Government and Parliament buildings, Sarajevo

Juraj Neidhardt (/hr/; 15 October 1901 – 13 July 1979) was a Yugoslav architect, teacher, urban planner and writer.

==Biography==
Neidhardt was born in Zagreb on October 15, 1901. He studied architecture at the Academy of Fine Arts in Vienna, under Peter Behrens and gained a diploma in 1924. During his studies in Vienna he made an interesting project for the airport.

From 1930 to 1932 he worked for Behrens in Berlin and between 1932 and 1936 was the only paid assistant in the Paris studio of Le Corbusier. During this period Neidhardt was involved in several major projects, including a department store located in Alexanderplatz, Berlin. He was also a recipient of second prize in a competition for the Yugoslav Pavilion at the Exposition Internationale des Arts et Techniques dans la Vie Moderne, Paris (1937). He returned to Zagreb in 1937 where he designed the Theological School for the Zagreb Diocese.

He then moved to Sarajevo in 1939 and remained there until the end of his life. His decision to move to Sarajevo is greatly attributed to Dušan Grabrijan, a Slovenian-Bosnian architect, who coauthored a book with Neidhardt called Architecture of Bosnia and Voyage to Modern.

Neidhardt became a professor (1953) at the Architectural Faculty at the University of Sarajevo. Architecture in Bosnia and its regional characteristics preoccupied Neidhardt for the rest of his life.

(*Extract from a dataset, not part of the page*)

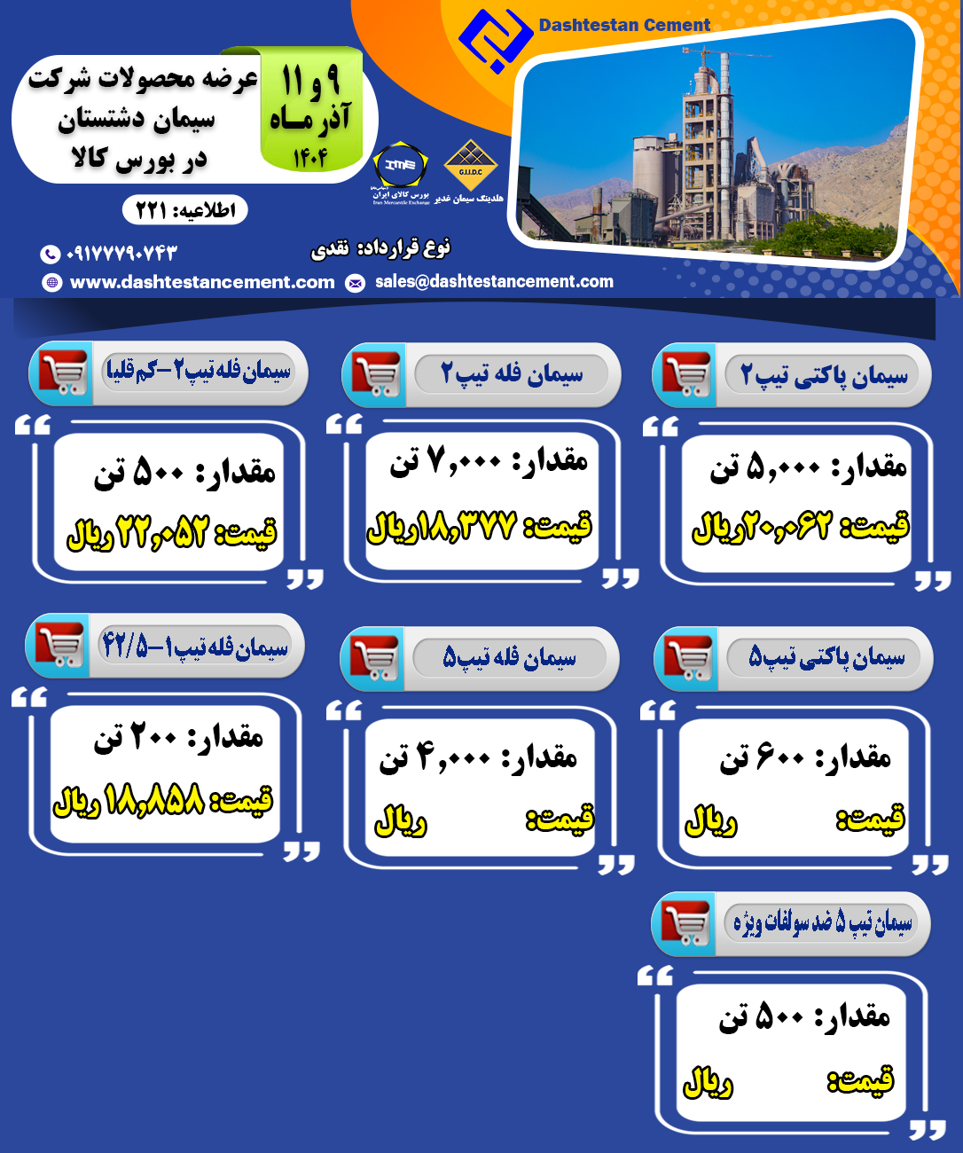 عرضه محصولات شرکت صنایع سیمان دشتستان در بورس کالا در تاریخ ۹ و ۱۱ آذر ماه ۱۴۰۴

His principal works included low-cost housing estates, for example at Vareš, Zenica and Ljubija, and, more prominently, the Philosophy Faculty (1955–9), the Institute of Physics and Chemistry (1959–64; both of which were heavily damaged in 1994) as well as the urban plan (1954) for the centre of Marindvor, all in Sarajevo. His buildings and major urban schemes were all marked with the synthesis of traditional building elements and modern technological and artistic developments, with a strong emphasis on the integration of architecture with landscape.

Neidhardt's most significant architectural works include works on the ski house at Trebević, Faculty of Philosophy, Chemical-Physical Institute, House of Scouts (Dom Izviđača) in Sarajevo, the urban core solution at Marindvor in Sarajevo, Parliament building of Bosnia and Herzegovina.

Juraj Neidhardt died in Sarajevo, aged 77, and is buried in a Sarajevo cemetery called Bare.